Results: A total of 4 studies, comprising 1,749 patients, met our inclusion criteria and were therefore eligible for inclusion. Our meta-analysis showed that elevated SII indicated significantly worse overall survival in patients with pancreatic carcinoma (HR: 1.43, 95% CI: 1.24-1.65, P < 0.001), with subgroup analyses, stratified by the TNM stage and treatment, further validating these results. In addition, patients with high SII had poorer cancer-specific survival (HR: 2.32, 95% CI: 1.55-3.48, P < 0.001). However, we found no significant associations between SII with disease-free and relapse-free survival.

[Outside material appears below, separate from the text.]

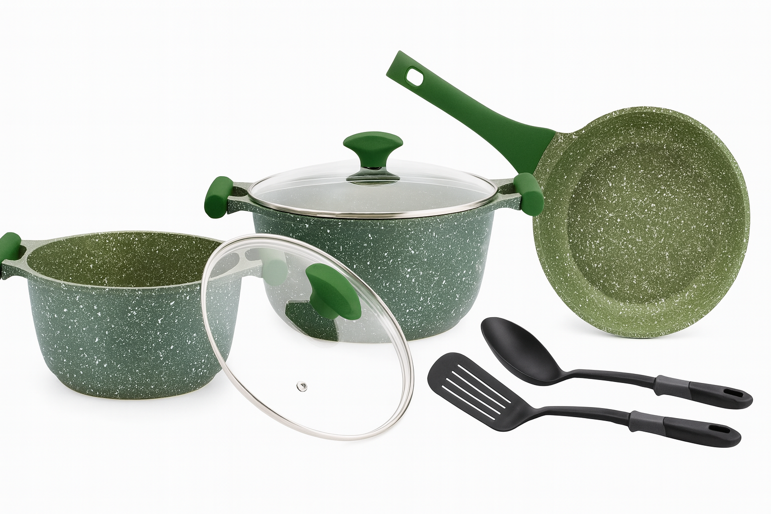 Prestige Essentials 7-Piece Set – Green A versatile 7-piece granite-coated cookware set perfect for daily cooking. Includes pots, a frying pan, matching glass lids, and essential kitchen utensils. Non-stick, durable, and designed with heat-resistant green handles for safe and comfortable use.

Conclusions: These findings indicate that SII is a potential non-invasive and promising tool for predicting clinical outcomes of pancreatic carcinoma patients. However, further studies using adequate designs and larger sample sizes are required to validate our findings.
Pancreatic carcinoma is the seventh highest cause of cancer-related mortalities in the world, and one of the most devastating gastrointestinal tumors with a 5-year survival rate of only 9% [1, 2]. Despite advancements in approaches for early diagnosis and therapy, there has been no significant improvement in survival benefits of pancreatic carcinoma patients, owing to distal metastases or local recurrence [3]. Therefore, it is critical to develop novel and specific prognostic biomarkers for risk stratification in pancreatic carcinoma patients.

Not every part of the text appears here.